Store heavy transient payloads out-of-band so the stream stays lightweight. A missing or expired key surfaces as a wrapped redis.Nil.

if err := room.WriteScratchpad(ctx, "diff:123", bigBlob, 10*time.Minute); err != nil {
	log.Fatal(err)
}
data, err := room.ReadScratchpad(ctx, "diff:123")
switch {
case errors.Is(err, redis.Nil):
	// absent or expired
case err != nil:
	log.Fatal(err)
default:
	use(data)
}

Archiver

Compacts every stream at/above the threshold. It discovers streams with SCAN (non-blocking), snapshots each, hands the batch to your PersistFunc, then deletes only the archived entry IDs — anything appended during the sweep survives.

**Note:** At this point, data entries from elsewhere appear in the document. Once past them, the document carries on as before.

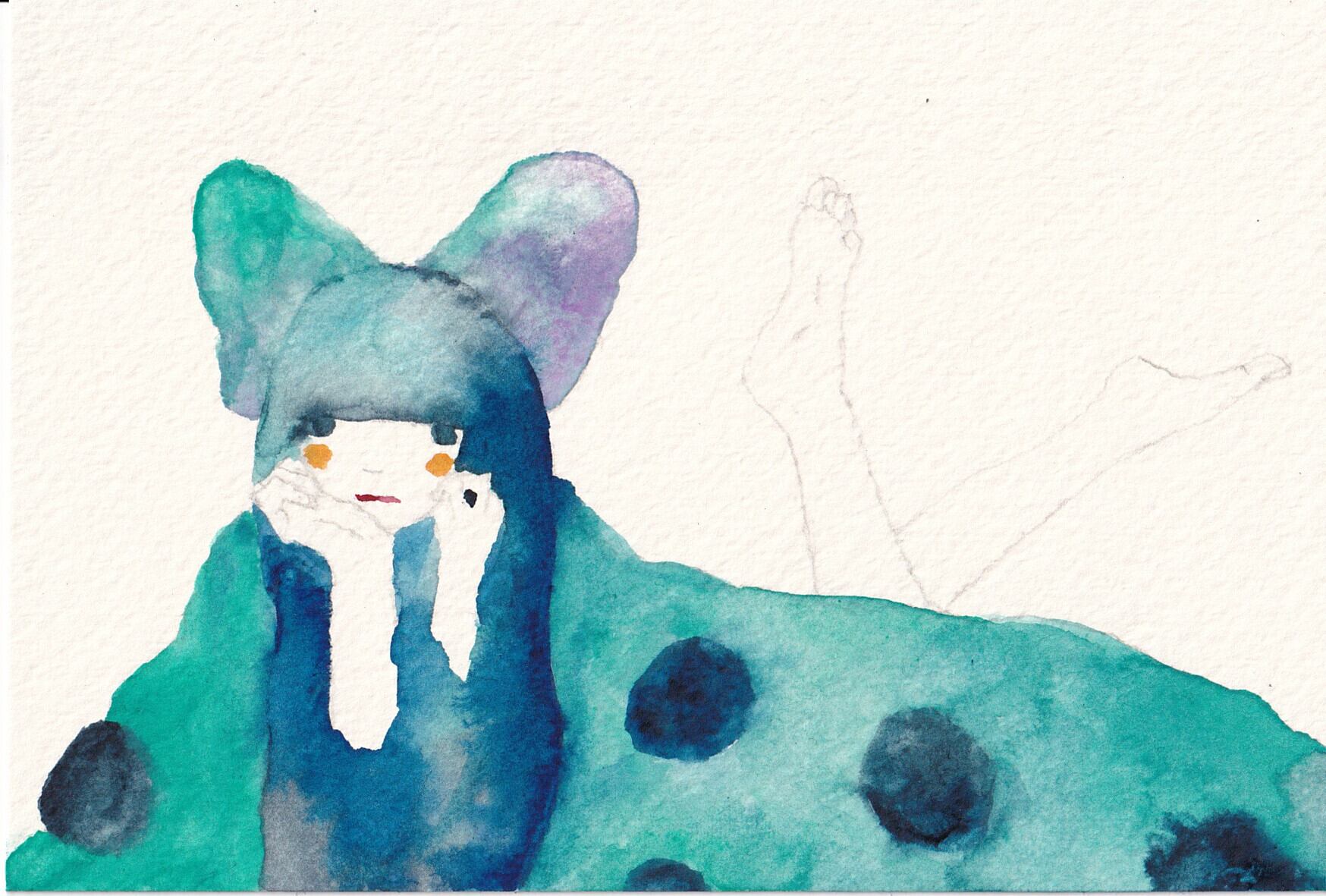 ふわふわの水玉の中で大きなリボンの女の子が想いを巡らしています。
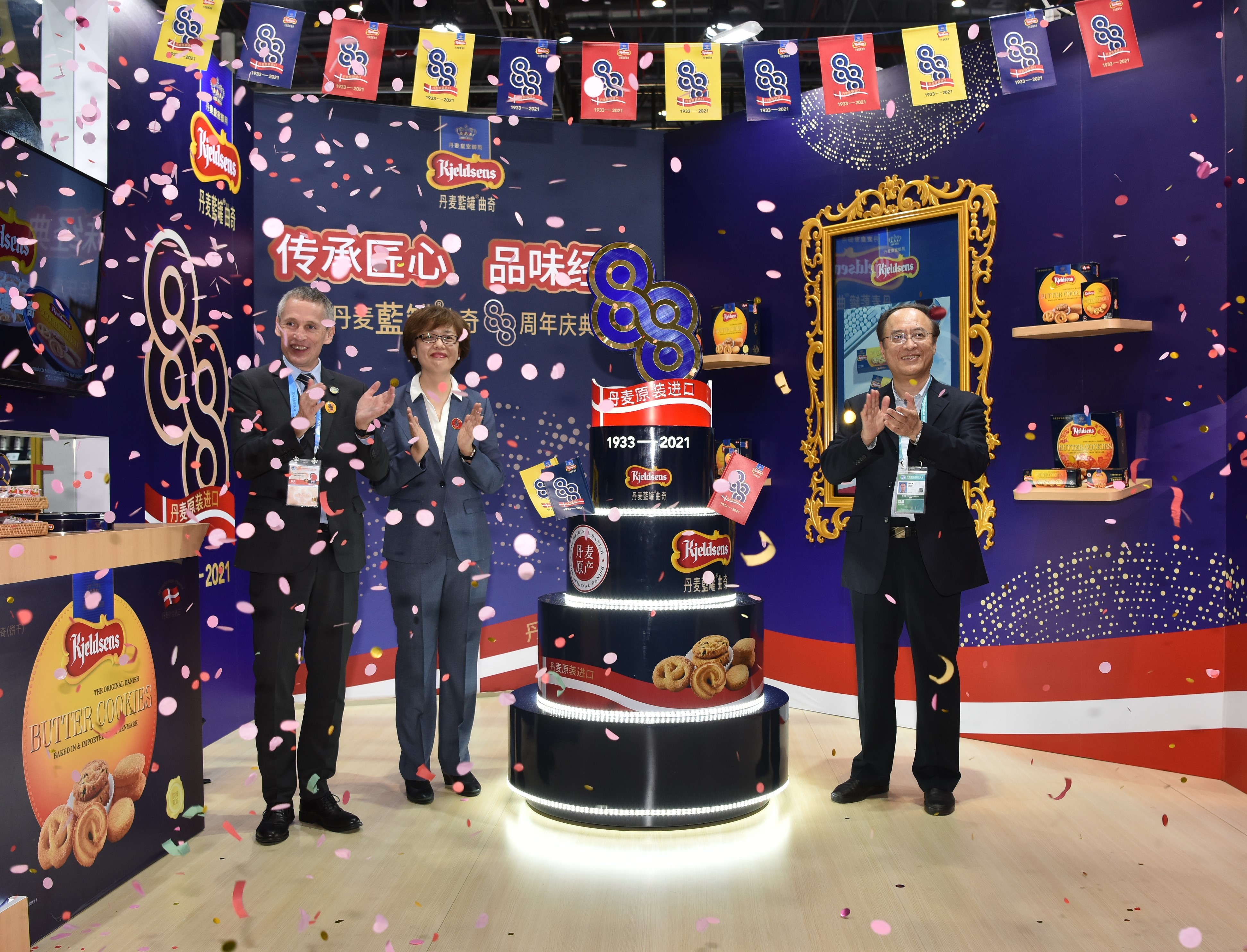 在本届进博会现场,记者探馆见到了许多国际食品品牌带来融合本地化的产品。全球精品曲奇品牌丹麦蓝罐曲奇的展位吸引观众驻足“打卡”:米其林大厨用“香草圈”“满月圆”等5款经典的丹麦蓝罐曲奇搭配绿豆糕、麻薯、肉松等中式特色食材,为消费者带来“丹麦经典+中国创意”的多重味蕾体验,“花朝月夕”“姹紫嫣红”“金玉满堂”等甜品颇具国风意蕴,同时融入了丹麦的精细工艺与巧思。这是丹麦蓝罐曲奇第四年参加进博会,并于此举办品牌 88周年庆典,带来中西结合的新品。“中国是丹麦蓝罐曲奇在全球业务的重要市场之一。”丹麦蓝罐大中华区总经理张灯说。
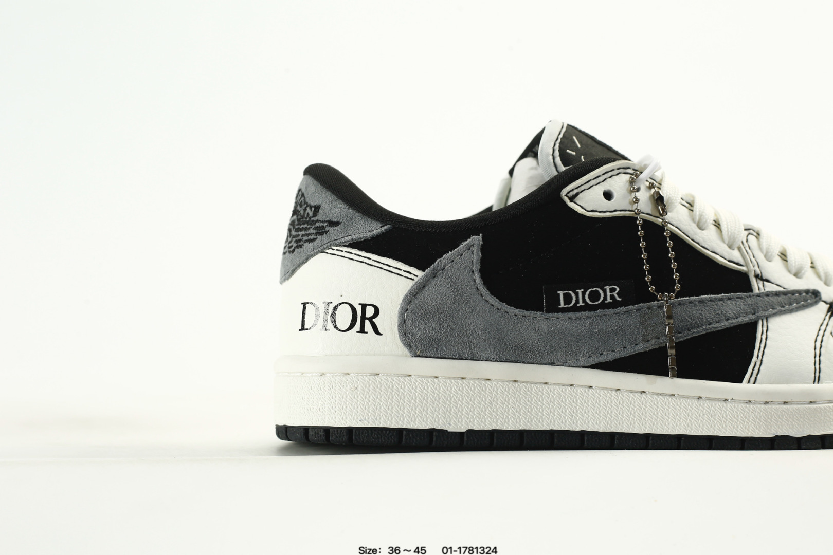 💰120 奢潮碰撞,低帮新章|Air Jordan 1 Low x Dior联名款 当Air Jordan 1 Low的传奇篮球基因邂逅Dior的高奢时尚底蕴,这双XS2025-082联名款成为奢潮跨界的惊艳之作,将街头的动感与高定的精致融合到极致。鞋身以酒红皮革、米白皮质与灰色翻毛皮革拼接打造,材质的细腻纹理与色彩的层次碰撞,瞬间勾勒出高级又极具辨识度的视觉轮廓。解构主义设计的双层Swoosh打破常规,灰色翻毛Swoosh叠搭暗藏的细勾,鞋侧印刻的“DIOR”标识、鞋舌处的金属挂饰,每一处细节都暗藏联名的匠心巧思。鞋头的小勾刺绣、后跟的酒红包边,既延续了Air Jordan 1 Low的经典骨架,又为鞋款注入了Dior标志性的奢雅灵魂。 米白中底搭配酒红外底,延续了AJ1 Low经典的复古脚感与运动属性,让奢潮风格不再局限于陈列,更能适配日常穿搭的多元场景。无论是篮球文化爱好者的收藏清单,还是高街奢潮的造型打造,这双Air Jordan 1 Low x Dior都能以奢潮碰撞的独特气质,让你轻松成为足下潮流的焦点。 码数:如图 890 编码:01-1781324
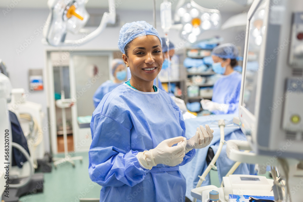 Portrait of a young female doctor in scrubs and a protective face mask preparing an anesthesia machine before an operation
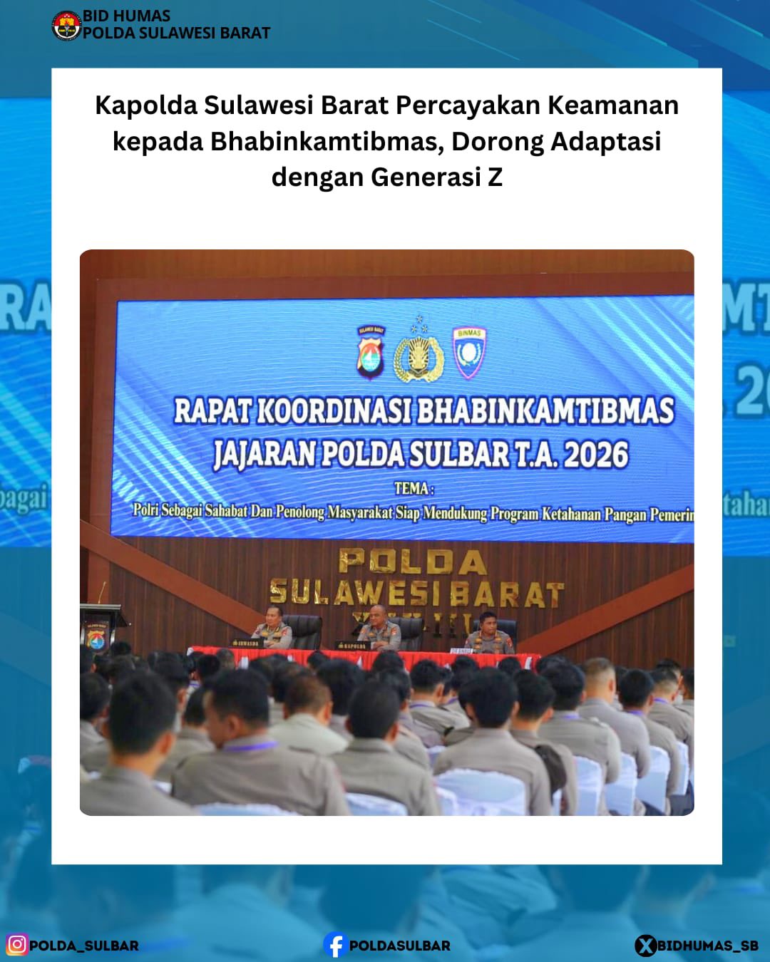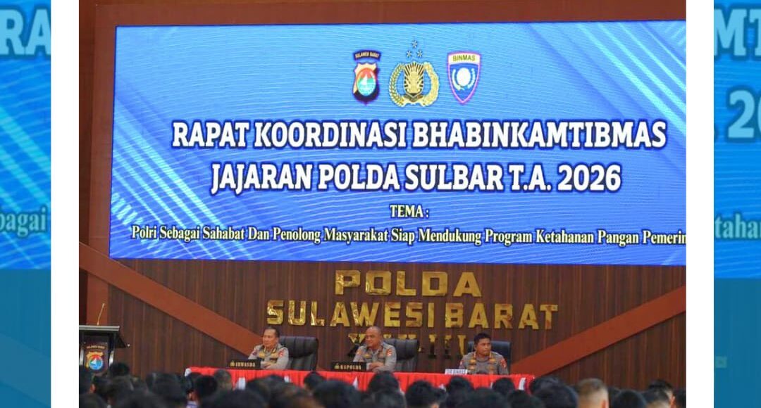 SULBAR,ikagawanews.id – Dalam rapat koordinasi (Rakor) Bhabinkamtibmas yang bertema “Polri Sebagai Sahabat dan Penolong Masyarakat Siap Mendukung Program Ketahanan Pangan Pemerintah”, Kapolda Sulbar Irjen Pol. Adi Deriyan Jayamarta, S.I.K., M.H. dengan tegas menitipkan tanggung jawab keamanan provinsi sulbar kepada para Bhabinkamtibmas.Acara yang berlangsung di Aula Marannu Mapolda ini dihadiri oleh para pejabat utama Polda Sulbar, Kapolsek dan para Bhabinkamtibmas dari seluruh jajaran serta para pemateri dari Fonder Tau Institute dan balai besar penerapan modernisasi pertanian sulbar, Kamis (19/2/26).
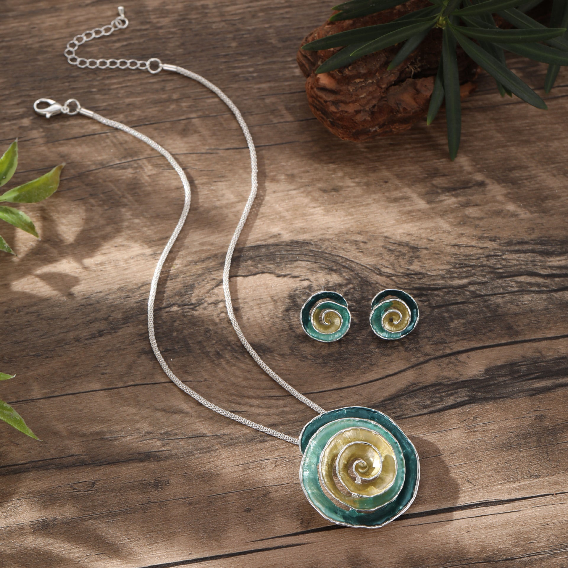 Wholesale Enamel Gradient Eternal Flower Ear Stud Banquet Earrings Necklace
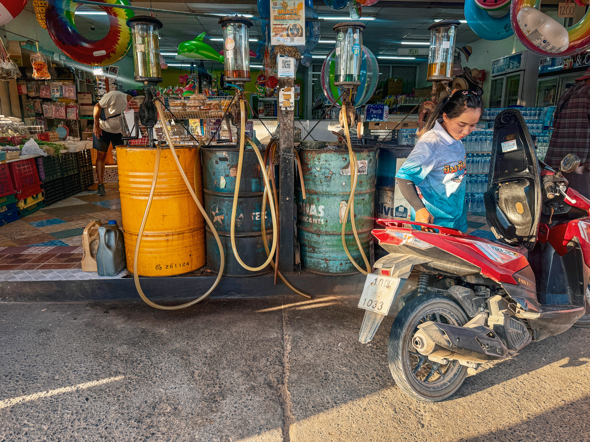 That gave Max time to follow Beu to the mechanic to assess damage from the scratches. The island isn’t that big, and we made it in less than ten minutes. After some back-and-forth between Beu and the mechanic, the verdict came: 700 baht. Twenty-three dollars.
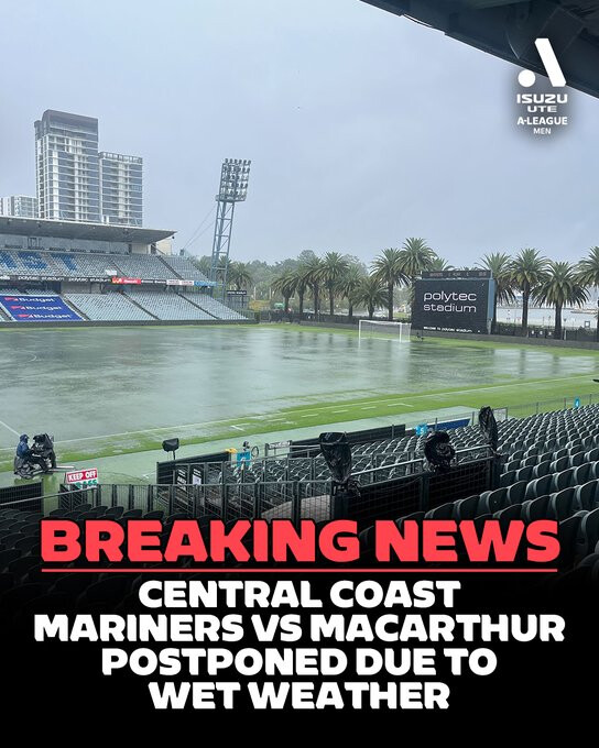 UPDATE: Central Coast Mariners vs Macarthur has been rescheduled to 2pm AEDT tomorrow (Sunday 18th January) at polytec Stadium.

Run it on a daily ticker.

archiver := agentroom.NewArchiver(rdb, cfg.ArchiveThreshold,
	func(stream string, events []redis.XMessage) error {
		return saveToColdStorage(stream, events) // S3, Postgres, file, ...
	})

if err := archiver.RunDailySweep(ctx); err != nil {
	log.Printf("sweep: %v", err) // per-stream errors are joined, not fatal
}

Testing

go test ./...           # full: spins an in-process miniredis
go test -short ./...    # fast: skips Redis-backed tests

Redis-backed tests use miniredis and are gated by testing.Short().

About

Redis-Streams event mesh for coordinating multiple AI agent workers across repo/branch namespaces — Go library, CLI, and Claude Code hooks.